Pucino v. Tofany

60 Misc. 2d 778 | N.Y. Sup. Ct. | 1969

W. Vincent Grady, J.

This is an article 78 proceeding to set aside a revocation of petitioner’s motor vehicle operator’s license.

On March 21, 1969, petitioner was arrested and charged with driving while intoxicated in the City of Beacon. He refused to submit to a chemical test. A motor vehicle hearing was held at which the arresting officer testified that he advised the petitioner that if he refused to submit to a chemical test for intoxication, his license might be suspended.

The referee found that the police officer did not say ‘ ‘ revoked ’ ’ nor did he add that action would be taken even if the charge for which he was arrested would be dismissed; nevertheless, the petitioner’s license was .revoked by the hearing officer for his refusal to submit to a chemical test.

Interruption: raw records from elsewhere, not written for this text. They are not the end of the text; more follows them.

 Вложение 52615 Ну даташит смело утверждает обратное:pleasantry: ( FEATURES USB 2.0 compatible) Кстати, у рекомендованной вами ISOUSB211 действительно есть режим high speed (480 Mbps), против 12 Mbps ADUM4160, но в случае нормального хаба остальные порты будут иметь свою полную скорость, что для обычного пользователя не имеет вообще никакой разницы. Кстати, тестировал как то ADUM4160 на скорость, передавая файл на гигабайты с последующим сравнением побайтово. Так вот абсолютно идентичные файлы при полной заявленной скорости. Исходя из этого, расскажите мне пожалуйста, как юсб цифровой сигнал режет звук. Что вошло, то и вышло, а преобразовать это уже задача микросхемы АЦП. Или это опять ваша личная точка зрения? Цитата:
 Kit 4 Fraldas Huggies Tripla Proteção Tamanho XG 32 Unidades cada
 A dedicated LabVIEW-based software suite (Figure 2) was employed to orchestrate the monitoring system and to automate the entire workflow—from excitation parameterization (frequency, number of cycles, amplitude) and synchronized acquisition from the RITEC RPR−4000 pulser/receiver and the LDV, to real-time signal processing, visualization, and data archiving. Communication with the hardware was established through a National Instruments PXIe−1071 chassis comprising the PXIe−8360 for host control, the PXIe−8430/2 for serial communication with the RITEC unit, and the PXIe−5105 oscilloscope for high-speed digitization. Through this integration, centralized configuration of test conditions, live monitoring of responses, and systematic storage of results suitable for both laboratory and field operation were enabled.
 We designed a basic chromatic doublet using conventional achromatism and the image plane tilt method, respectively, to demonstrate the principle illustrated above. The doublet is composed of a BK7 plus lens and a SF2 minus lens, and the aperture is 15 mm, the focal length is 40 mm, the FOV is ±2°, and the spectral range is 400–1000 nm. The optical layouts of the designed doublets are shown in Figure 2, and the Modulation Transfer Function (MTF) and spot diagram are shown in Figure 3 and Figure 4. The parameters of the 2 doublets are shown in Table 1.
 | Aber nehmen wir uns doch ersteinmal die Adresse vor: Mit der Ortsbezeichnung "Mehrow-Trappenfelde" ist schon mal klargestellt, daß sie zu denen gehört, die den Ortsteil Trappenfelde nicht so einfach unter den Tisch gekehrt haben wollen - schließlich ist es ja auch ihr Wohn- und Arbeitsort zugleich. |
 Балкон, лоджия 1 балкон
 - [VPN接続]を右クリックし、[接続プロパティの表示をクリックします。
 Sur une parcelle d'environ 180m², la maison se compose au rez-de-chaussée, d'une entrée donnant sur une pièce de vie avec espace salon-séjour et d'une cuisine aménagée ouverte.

It is petitioner’s contention that there was a failure to comply with the following provision of subdivision 1 of section 1194 of the Vehicle and Traffic Law which was added by chapter 85 of the Laws of 1968: “ No license, permit or non-resident operating privilege shall be revoked because of a refusal to submit to such chemical test if the hearing officer is satisfied that the .person requested to submit to such chemical test had not been warned prior to such refusal to the effect that a refusal to sub*779mit to such chemical test may result in the revocation of his license or operating privilege whether or not he is found guilty of the charge for which he was arrested.”

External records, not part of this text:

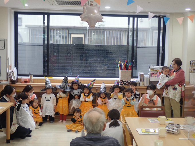 どんぐりの木では毎年仮装して、壱番館・弐番館へ訪問し、手遊びやお歌などを披露しています♪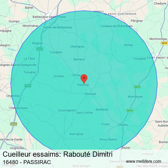 Rabouté Dimitri intervient dans un rayon de 15 km autour de PASSIRAC avec ces 49 villes voisines :
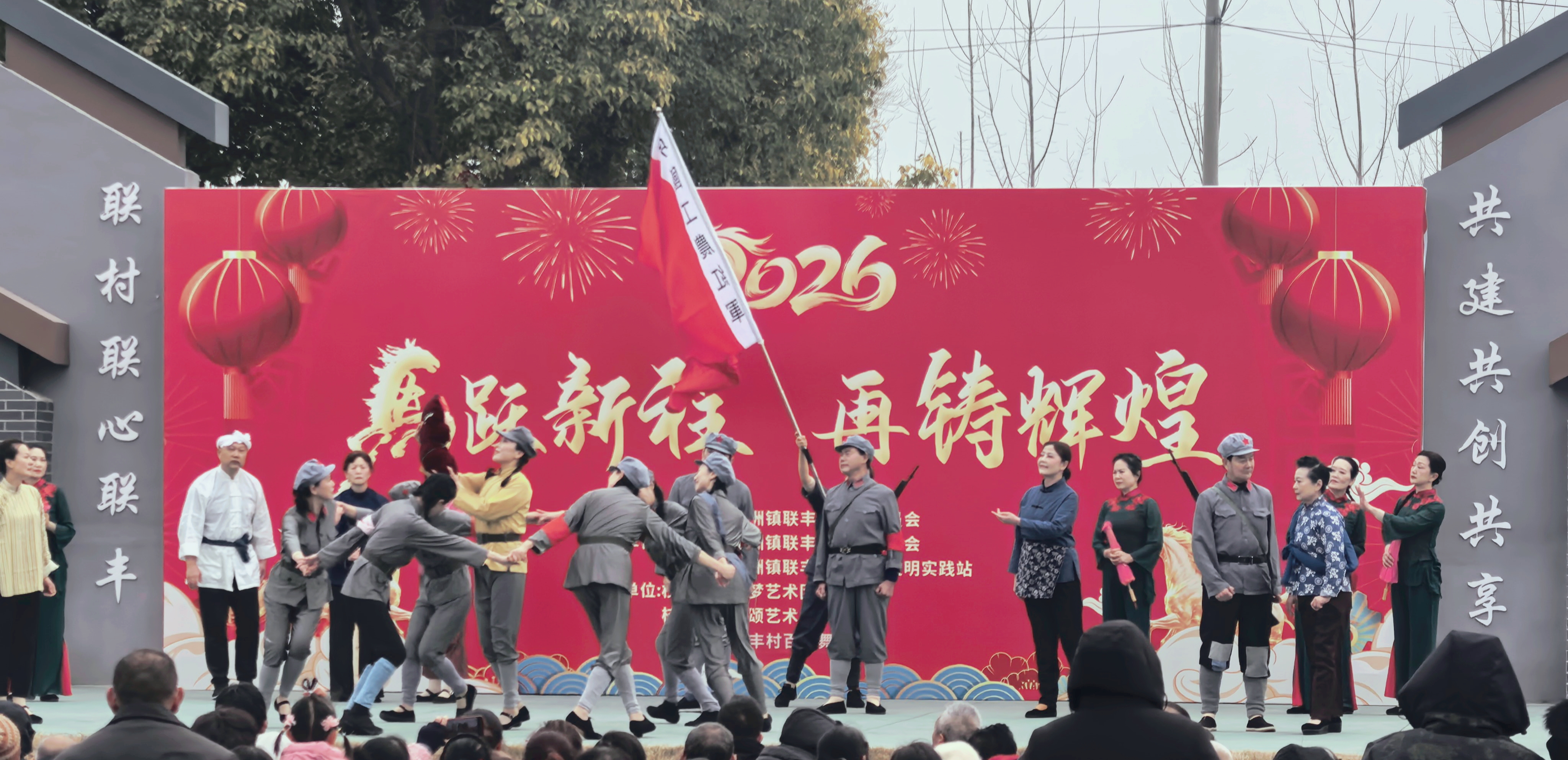 晚会节目形式多样、内容精彩,汇集了歌舞、戏曲、情景剧、器乐合奏等15个特色表演。枝江市风雅颂艺术团、洲之梦艺术团与联丰村百姓舞团、乡贤代表队、干群代表队同台献艺。开场鼓舞《万马奔腾》以激昂的节奏点燃全场;《五星红旗》《幸福山歌》等歌舞表演洋溢着喜庆祥和的节日氛围;三句半《俺村环境变了样》用质朴的乡言土语生动讲述村庄焕新颜的故事;情景剧《十送红军》、京剧对唱《我们是工农子弟兵》深情传递红色基因与家国情怀;胡庆英带来的变脸表演、乐曲合奏《赛马》将现场气氛推向高潮。最终,晚会在歌舞《盛世欢歌》中圆满落幕。

The only interpretation of this new provision which research has disclosed is by Mr. Justice Michael E. Sweeney in Matter of Harrington v. Tofany (59 Misc 2d 197). In that case, the arresting officer informed the petitioner that his refusal to submit to a blood test might result in the revocation of his license, but he did not warn him that the revocation might result, whether or not he was found guilty of the charge of driving while intoxicated.

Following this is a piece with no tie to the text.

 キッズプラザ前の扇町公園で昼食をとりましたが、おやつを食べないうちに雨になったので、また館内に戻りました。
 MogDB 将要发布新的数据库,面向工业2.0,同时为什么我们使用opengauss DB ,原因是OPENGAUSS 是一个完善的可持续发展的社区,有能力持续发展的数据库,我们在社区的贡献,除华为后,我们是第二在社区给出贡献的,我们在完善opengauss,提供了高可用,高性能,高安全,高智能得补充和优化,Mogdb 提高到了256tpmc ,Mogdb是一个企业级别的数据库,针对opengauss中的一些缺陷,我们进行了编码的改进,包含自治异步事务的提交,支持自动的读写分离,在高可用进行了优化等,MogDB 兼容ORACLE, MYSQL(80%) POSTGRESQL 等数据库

In granting petitioner’s motion to cancel and annul the determination revoking petitioner’s license, the court gave the following interpretation of the amendment to subdivision 1 of section 1194 of the Vehicle and Traffic Law: “ It is my opinion that an empirical examination of the statute as it read prior to October 1, 1968 motivated the Legislature to add the exhortatory language. The amendment provides for a specific warning to be given the operator in order to remove any misunderstanding as to the effect of his refusal to submit to the chemical test. The purpose of this new language is to clearly warn the driver that the mere refusal to take the prescribed test would be the cause of a revocation of his license, and that a subsequent conviction or dismissal of the charge of driving while intoxicated is immaterial. Prior to this change in the statute it is understandable that a driver might reasonably have assumed it was a conviction of the driving while intoxicated charge that controlled. Manifestly this amendment is for the benefit and protection of the driver. The language is clear and unambiguous, the warning contemplated mandatory and explicit. Anything less is fatal. This section must be strictly construed and applied. It was not so applied in the instant case.” (59 Misc 2d 197, 198-199.)

The warning by the arresting officer in the Harrington case was much more explicit than that given by the police officer to the petitioner herein, yet the court held that warning insufficient. However, the respondent argues that section 1194 only requires a police officer to warn petitioner ‘ ‘ to the effect that a refusal to submit to such chemical test may result in tjie revocation of his license ” and that the warning as to suspension of a license, complies with this section. A suspension of a license is not the same as a revocation of a license. Under a suspension, a license is returned at the expiration of the term of the suspension. Under a revocation, a license is taken away completely for a fixed period of time and no new license can be obtained until *780approval is granted, which approval may be withheld (Vehicle and Traffic Law, § 510).

In view of the clear distinction in the consequences under section 510 of the Vehicle and Traffic Law between “ suspension ” and “revocation”, a warning that a person’s license may be suspended is not to the effect that his license may be revoked. The arresting officer having failed to comply with the warning prescribed by section 1194 of the Vehicle and Traffic Law, petitioner’s motion is granted and the respondent is directed to set aside the revocation of petitioner’s motor vehicle license and return said license to the petitioner.